Zakaria Mohamed Hassan was himself three-years-old when he and his family came to Denmark after fleeing Somalia. Even though he does not remember his life before coming to Denmark, he can still relate to many of the thoughts and experiences that Dima Karabash tells of. He grew up in Karup, a small town between Viborg and Herning in central Jutland. He quickly got to know Danes through institutions and various cultural activities. He passes the tip on to Dima Karabash.
Difficult to learn the language
Several of the refugees either live or have lived at Lyngbygård asylum centre in Djursland, where they have not had much contact with ethnic Danes, which makes it difficult to become part of Danish society.
"It took eight months before I saw Dane who didn’t work at the asylum centre. It’s difficult to learn the language when you don’t have the opportunity to use it and talk to people," says Khalil Hamdouna, who comes from Palestine.
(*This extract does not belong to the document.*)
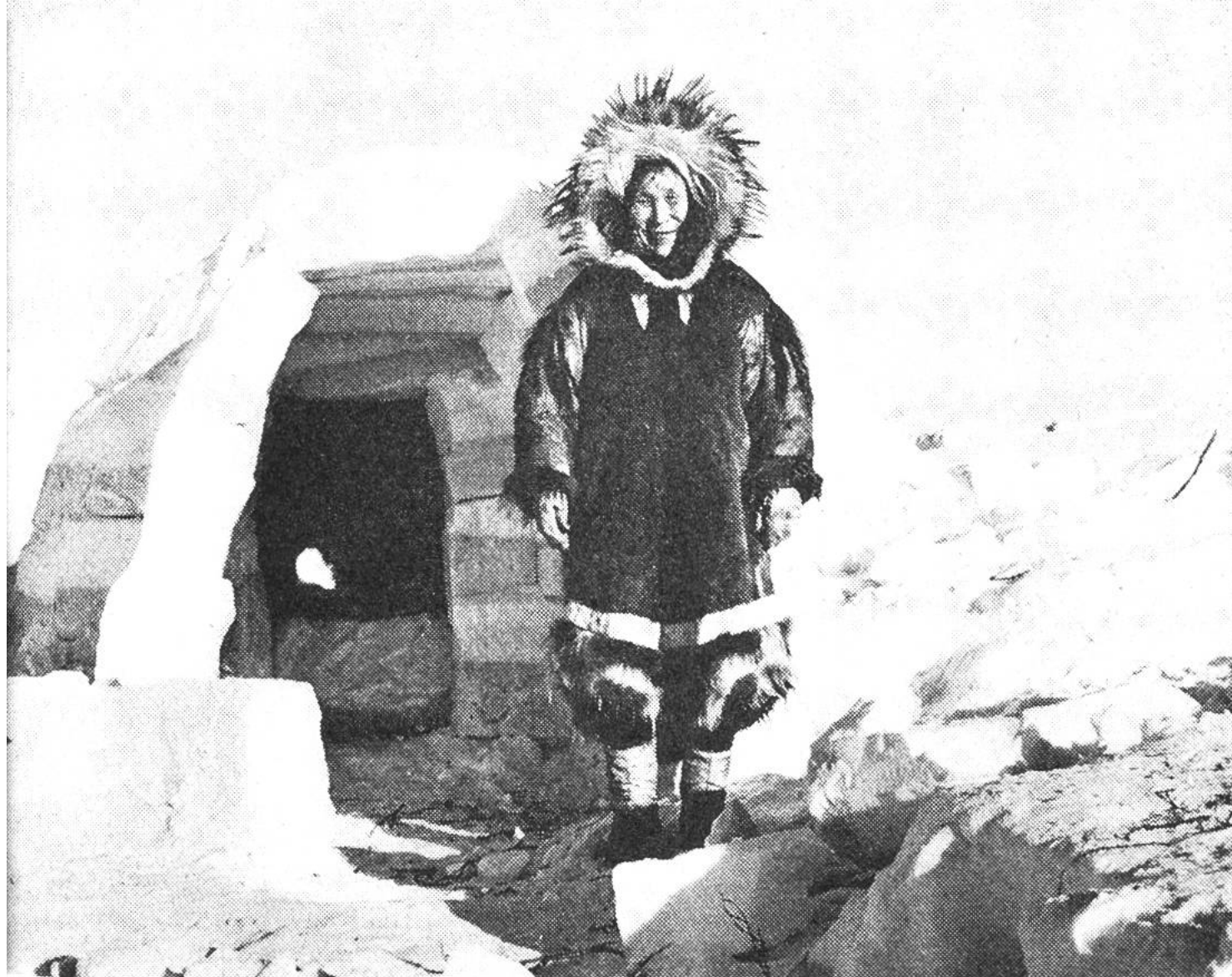
Der Baumeister vor seinem fast vollendeten Werk, dem aus Schneeblöcken gefügten, kuppelförmigen Iglu.

nenraum wird nun als Familienbettstatt eine breite Schneebank angelegt. Über den Schnee kommen zunächst Reisigbündel und dann mehrere Karibufelle zu liegen. Durch einige ausgeschnittene Öffnungen, in die eine durchsichtige Eisplatte eingesetzt worden ist, fällt das bleiche Tageslicht in den Raum. Ohne dass geheizt wird, hält sich in einem mittelgrossen Iglu die Temperatur zwischen 10 und 15 Grad unter Null, was eine um 35 bis 40 Grad höhere Temperatur als im Freien bedeutet. An günstigen Lagen wird der Iglu zudem allmählich vom Flugschnee zugedeckt. Dann hält sich der Innenraum noch wärmer. Ausserdem verstehen es die Eskimos, ihre Schneehäuser durch Mauern vor den kalten Stürmen zu schützen oder gar durch Doppelwandungen zu isolieren.

According to official EU statistics compiled by Eurostat, more than 1.2 million people applied for asylum in one of the EU's 28 member countries last year. One of the items on the seminar agenda was the question of how institutions on different levels – EU, national and locally in the municipalities – should respond to the increasing number of refugees. Several of the refugees say that they wish the conflicts could be dealt with locally.
"Take care of the problems at home in Syria. Do that and you won’t see us here. We haven’t chosen to come here. We were forced to come because of the war. If the opportunity comes, I would definitely go back. I would go voluntarily. I’d even walk all the way home," says Dima Karabash.
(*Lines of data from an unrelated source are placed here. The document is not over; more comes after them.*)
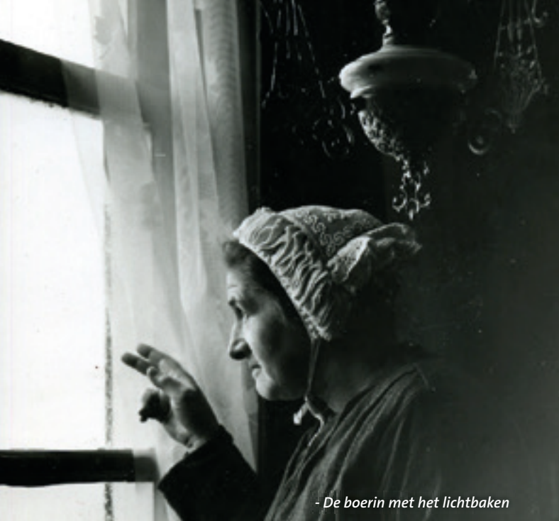
- De boerin met het lichtbaken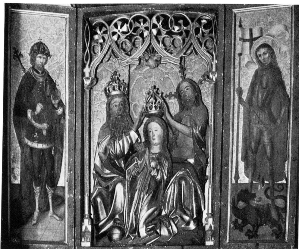
Fürgangen (Gemeinde Bellwald). Marienkrönungs-Altären

einerseits den Hochaltar, welcher 1904 aus Fragmenten zusammengestellt wurde, die sich bis dahin an den Kirchenwänden und auf dem Estrich verstreut befanden. Nur noch die Malereien der Flügel sind unverfälscht. Der Schrein samt dem reichen Gesprenge ist neu und die Skulpturen haben nicht nur ihre Originalfassung verloren, sondern der unglückliche Altarbauer von 1904 veränderte durch bedeutende Nachschnitzungen sogar ihre plastische Erscheinung. Diesem ziemlich traurigen Beispiel steht in der St. Annakapelle der prunkvolle Schnitzaltar des Stifters Georg Supersaxo gegenüber. Er blieb von den Eingriffen späterer Altarbauer und Kirchenmaler verschont. Mit seiner reichen Fassung zeigt er, von unwesentlichen natürlichen Alters- und Abnutzungsspuren abgesehen, den originalen Zustand. Wenn wir uns vergegenwärtigen, wie bestimmend die Polychromie für die Gesamterscheinung dieser Kunstwerke ist – man darf hier geradezu von dreidimensionalen Gemälden sprechen – dann wird klar, wie wichtig die unverfälschte Erhaltung ihrer Originalfassung ist.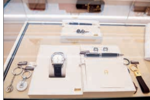
طقم متكامل من أغنر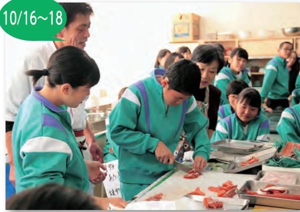
▲サケをさばく生徒たち

Use the universities for integration
In relation to local integration efforts, the participants discuss the possibility of relocating refugees living in ghettos to other residential areas, a desire for a greater number of positive angles and stories in the media, and the opportunity of giving asylum seekers the chance to get an education and follow courses while their asylum case is being processed.
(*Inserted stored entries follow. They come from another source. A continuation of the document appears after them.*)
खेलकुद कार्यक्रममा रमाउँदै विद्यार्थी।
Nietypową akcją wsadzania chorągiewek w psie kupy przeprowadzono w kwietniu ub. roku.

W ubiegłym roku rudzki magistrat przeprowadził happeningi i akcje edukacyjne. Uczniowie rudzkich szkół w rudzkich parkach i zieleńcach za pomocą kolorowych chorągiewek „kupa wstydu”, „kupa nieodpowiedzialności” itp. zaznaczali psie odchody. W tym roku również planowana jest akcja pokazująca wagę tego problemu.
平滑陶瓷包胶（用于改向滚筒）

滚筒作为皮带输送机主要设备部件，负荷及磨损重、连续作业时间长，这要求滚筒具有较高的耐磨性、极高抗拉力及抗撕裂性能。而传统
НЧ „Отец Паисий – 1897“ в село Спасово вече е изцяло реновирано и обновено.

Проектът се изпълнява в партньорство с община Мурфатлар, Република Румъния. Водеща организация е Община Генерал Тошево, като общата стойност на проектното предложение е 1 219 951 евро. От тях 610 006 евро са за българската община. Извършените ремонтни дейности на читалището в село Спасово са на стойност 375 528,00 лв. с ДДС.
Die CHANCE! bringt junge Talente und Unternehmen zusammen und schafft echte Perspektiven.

It is now more than six months since the universities in Denmark, led by the University of Copenhagen initially announced their desire to give refugees an opportunity to study for free on Danish study programmes as is already the case in Germany.
This type of scheme would require an amendment to Danish law, as refugees who do not have a residence permit must currently pay full tuition fees to take Danish study programmes. Even though the idea has never won broad political support, the underlying wish to let the universities play a more active role in the Danish integration effort has nonetheless not been forgotten. For example, in February professor with special responsibilities (MSO) in Information Studies at AU Peter Lauritsen wrote about the topic in an article in the Danish newspaper Politiken (in Danish only, ed.). Together with AU Associate Professor Sara Dybris McQuaid and Zachary Whyte, who is a part-time lecturer at Aalborg University, he suggested free courses and skills development courses for refugees and presented the idea of having a university extension programme for refugees.
At the seminar, the biggest wish expressed by the five guest participants was a wish to be included. To be heard.
"Talk to us. Not about us," says Dima Karabash.
Food for thought
After the seminar a number of students said that they had found being able to talk to the refugees valuable. In relation to their studies, they have been given an insight into how the theories they work with on a daily basis have an impact on the lives of real human beings. The visit also gave them food for thought on a personal level.
"It puts into perspective how privileged we are here in Denmark. And we don’t even realise," as one of the students at the seminar, Alex Grams, puts it.